Por Diego Zúñiga Noviembre 18, 2016

Vamos a hacer periodismo de anticipación.
Adelantándonos, entonces, un par de semanas, diremos que a la hora de los recuentos literarios de lo mejor de 2016 hay que ser rotundos y sentenciar que este año, al menos en Chile, fue casi por completo de la poesía. Fue, de hecho, el año en que se otorgó el Premio Nacional de Literatura a un poeta, aunque de aquello ya nadie se acuerde y no sea el motivo que nos tiene hablando de esto, de los libros de poesía que marcaron el 2016.

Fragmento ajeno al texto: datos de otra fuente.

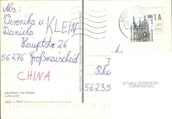 72157610 alte Postkarte Neuwied Rhein Rheinbruecke Fliegeraufnahme postalisch gelaufen Erhaltung siehe scans KatCode: 11110007138045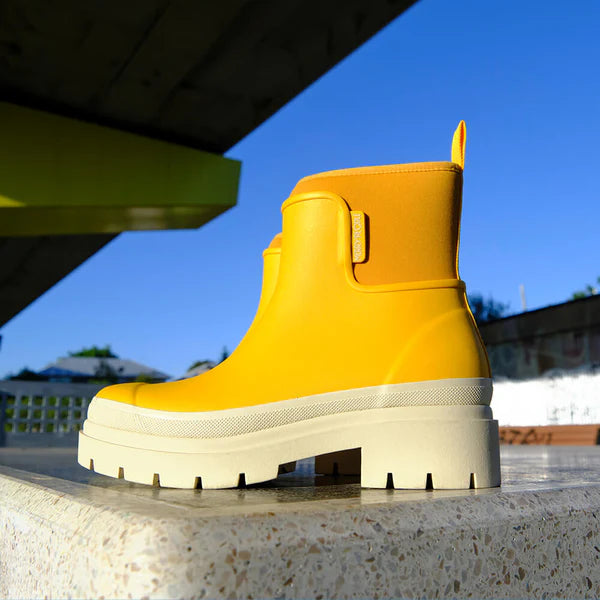 The Tully Boot’s distinct silhouette is a fashion forward take on the classic gumboot! Playful and urban; Tully nods to 90s nostalgia with a chunky platform-style sole and an extended, wrap around neoprene cuff.

Al trabajo que viene haciendo desde hace ya varios años Ediciones UDP —uno de los imprescindibles que acaban de publicar es Rompan filas, de Bruno Vidal— junto a las editoriales independientes —donde destacan sellos como Alquimia, Tácitas, La Calabaza del Diablo y las nuevas Garceta, Overol y Saposcat—, hay que sumar dos hechos fundamentales: primero, la reedición de La nueva novela, de Juan Luis Martínez, que durante tantos años fue un libro inencontrable, y que hoy está disponible a un precio mucho más asequible que antes; lo segundo, la labor de Lumen, quien de la mano de su editor, Vicente Undurraga, empezó a publicar contundentes antologías de algunos de los poetas fundamentales de las últimas décadas. Comenzó con Bertoni y Zurita, y este 2016 apostó por Germán Carrasco y Elvira Hernández, dos voces que han influenciado ampliamente a los poetas más jóvenes y que merecen, desde hace rato, que sus libros lleguen a más y más lectores.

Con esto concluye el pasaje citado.